Today, the company announced that they would be pulling all flavored Juul pods from stores effective immediately. Over 90,000 stores will see change, says CBS. That said, anyone over the age of twenty-one can purchase the recounted flavors on Juul’s website. Mint, tobacco, and menthol flavored pods will still be available in stores.
CEO of Juul Kevin Burns commented on the changes in a statement, claiming that the FDA and his company “share a common goal – preventing youth from initiating on nicotine:”
“We don’t want anyone who doesn’t smoke, or already use nicotine, to use Juul products. We certainly don’t want youth using the product,” he said. “It is bad for public health, and it is bad for our mission.”

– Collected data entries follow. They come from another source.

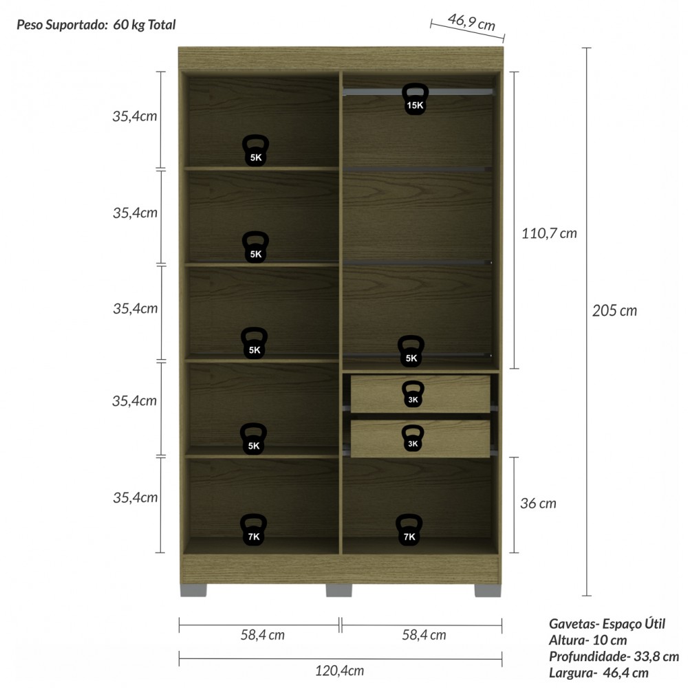 Medida do Produto Montado (LXCXA) 46,9cmX120,4cmX205cm
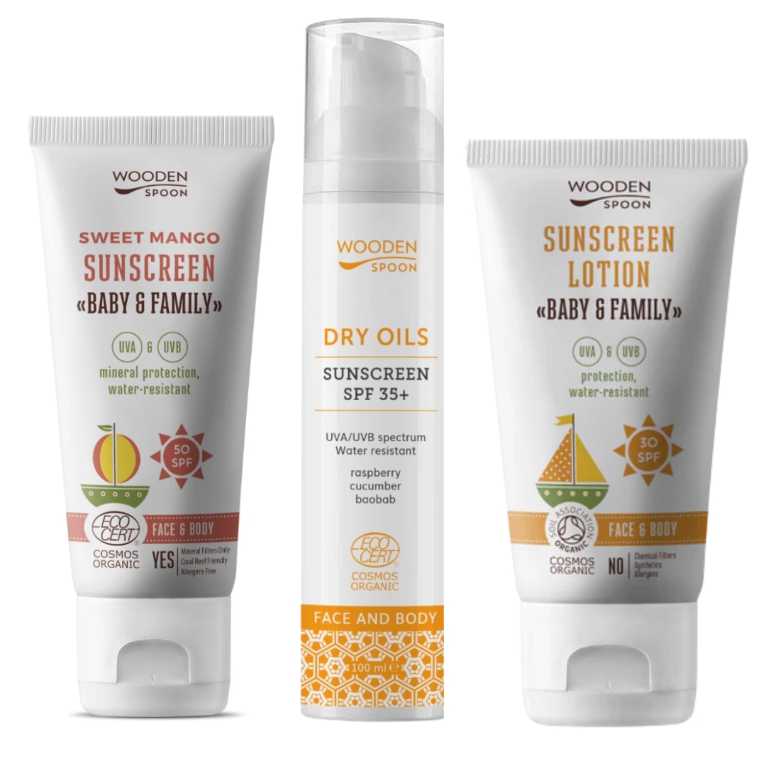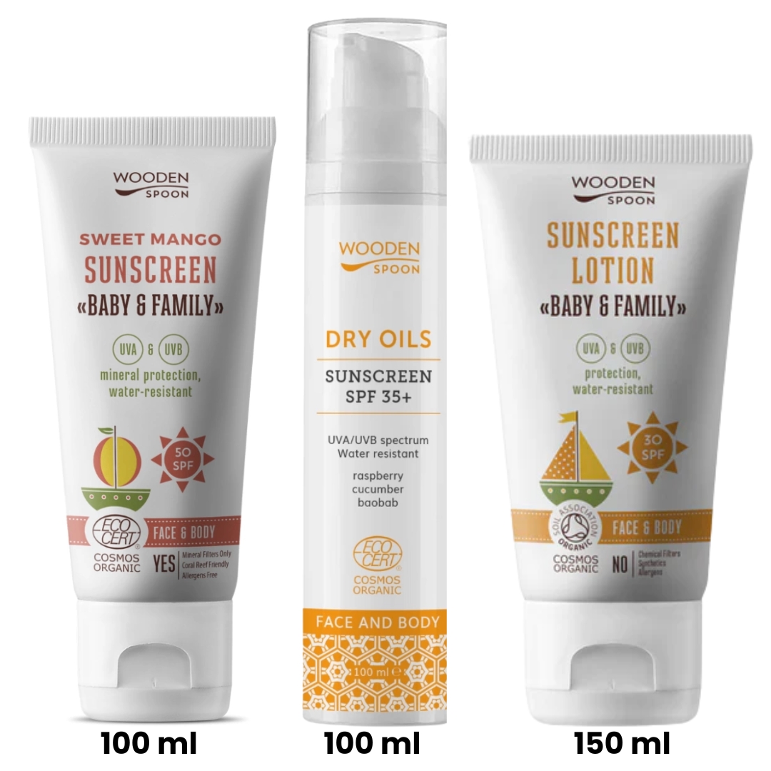 Wooden Spoon Solpleiepakke favoritter – 3 stk er en pakke med 3 populære solkremer, som kan brukes av hele familien. Det er en SPF 50, en SPF 30 og en for ansiktet (men kan også brukes på kroppen) som er SPF 35+.
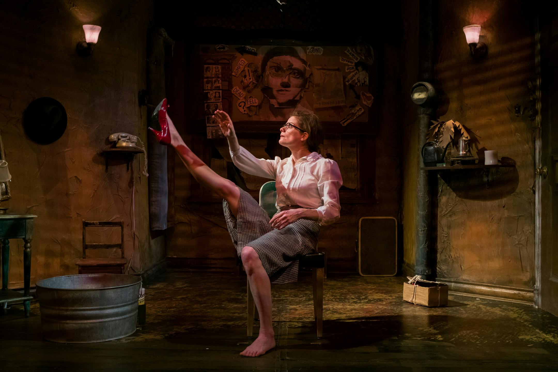 Joel Sass conceived, directed and co-wrote (with Richardson) "Red Shoes" with a keen sense of audience delight. His shabby set is full of corners for us to explore, including a pull-down "investigation board" on which Mouse scrawls clues. And a huge part of the fun of "Red Shoes" is in between our ears, as we try to figure out how Richardson changes so quickly from one costume into the next or how she and Sass make it look like there are two of her on stage at once (a trio of unseen performers has something to do with that).
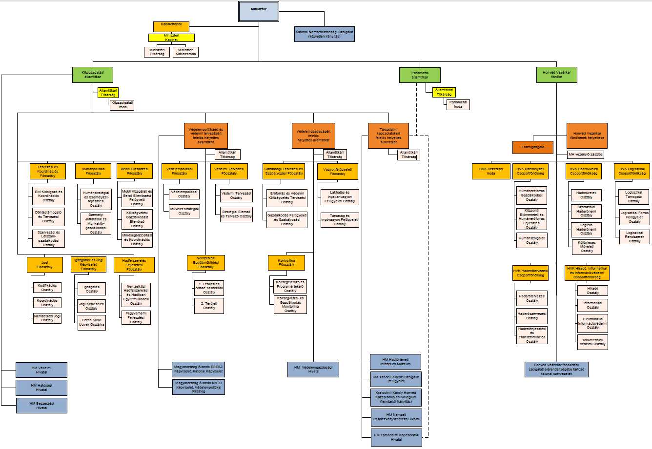 Védelempolitikáért és Védelmi Tervezésért Felelős Helyettes Államtitkári Titkárság, Védelempolitikai Főosztály, Védelmi Tervezési Főosztály |
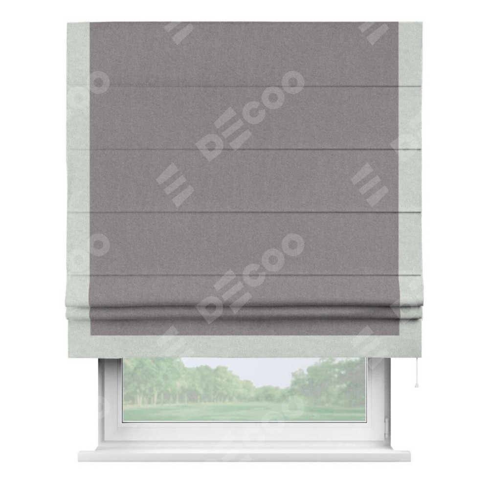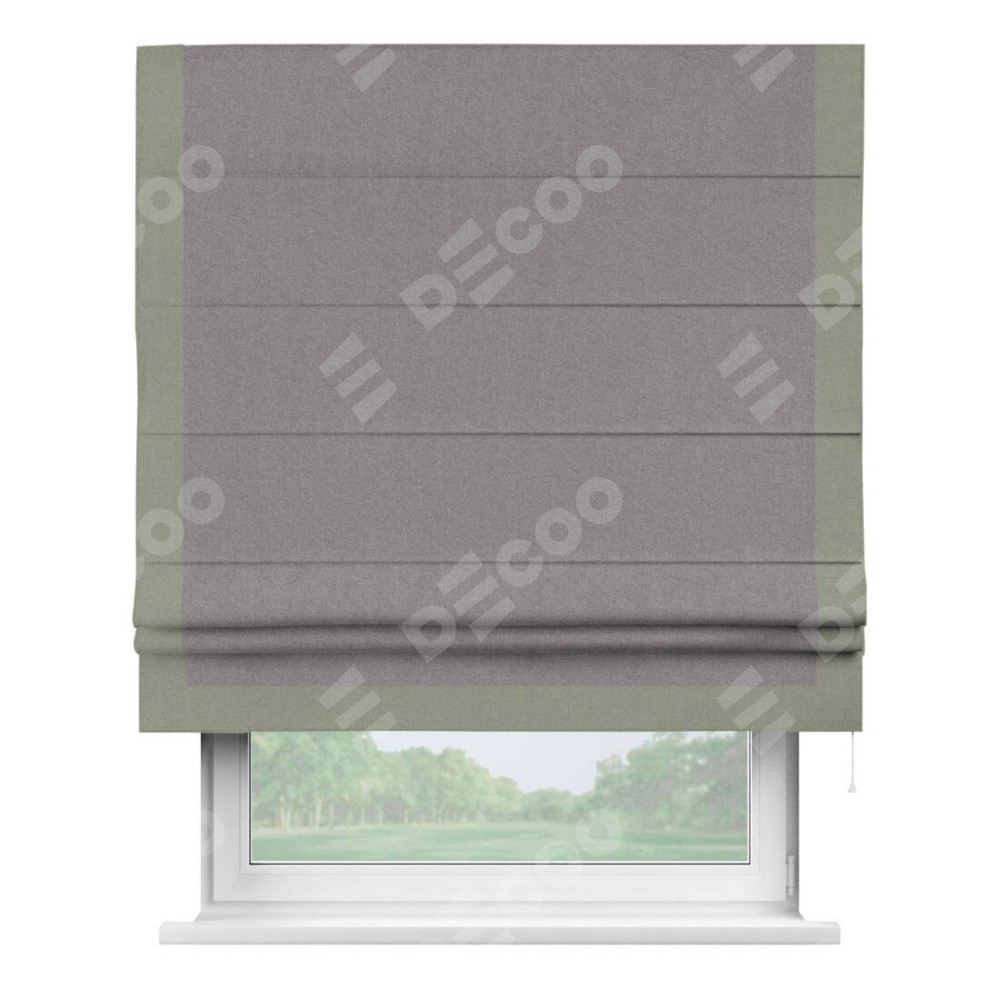 Римская штора производителя «Cortin», используется для проёма, пошита из ткани лён блэкаут сиреневый, артикул 69576. Отделка шторы кантом «Виктория», ткань для канта используется из льна разной расцветки на выбор. Имеет универсальный механизм и подходит для монтажа: на потолок, на стену и в нишу.
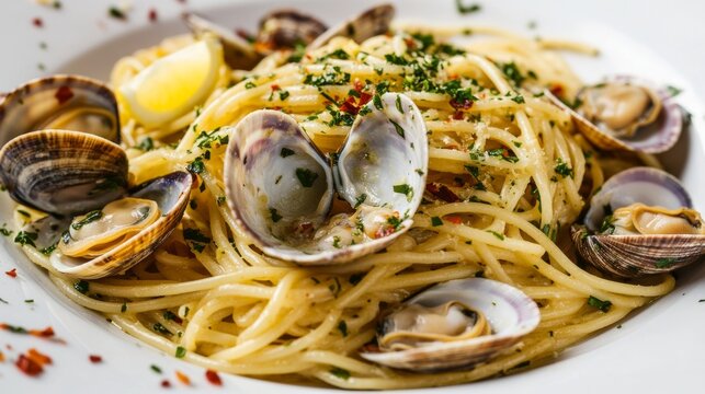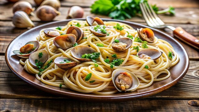 A mouthwatering plate of Italian spaghetti alle vongole, pasta with fresh clams, garlic

While these changes may help, the FDA doesn’t believe they are enough. In a tweet, Commissioner of the FDA Scott Gottlieb said that while they’re being recognized, Juul’s actions are “no substitute for regulatory steps #FDA will soon take.”
According to WIRED, neither defenders of public health or those involved in the vaping industry are enthused with Juul’s plan either. Instead, they believe that Juul’s program is more of a publicity stunt than a genuine care for children’s health.
Fact or Fiction
For example, each of Juul’s changes looks to protect the company’s bottom line instead of out of good intentions. They’re keeping the Mint flavor in stores, which is one of their most popular flavors. Even worse is that stores who agree to Juul’s regulations may be able to sell the banned flavors anyways assuming it’s to customers twenty-one and older.
On top of this, Juul will be getting rid of their U.S.-based Facebook and Instagram social media accounts. Yet, that seems to be against the values of the company. Juul has always claimed their social media to be “different” than other companies and that its popularity is entirely based on others. To support his, a spokesperson for the Campaign for Tobacco-Free Kids, Vince Willmore, claims that customers “will keep doing the marketing for them through their own posts on Instagram, YouTube, and other social media.”
In addition, Juul’s Twitter and YouTube accounts will remain live. Now, it will only post content aligned with quitting smoking or customer support. It may not matter though, as the companies social media campaigns have been incredibly popular for the past couple of years. Customers already have a vision aligned with Juul’s marketing, and that’s unlikely to change.
Plus, a majority of Juul’s growth comes from younger customers – those who post on social media the most often. FDA information reveals that over two million middle to high-school kids started smoking last year. That number is up seventy-five percent from the year before.
Juul has asked Facebook, Twitter, and others for help in managing “unauthorized, youth-oriented” posts. These companies already have a ton to operate on their own time, however. There’s no telling if that will actually make a difference.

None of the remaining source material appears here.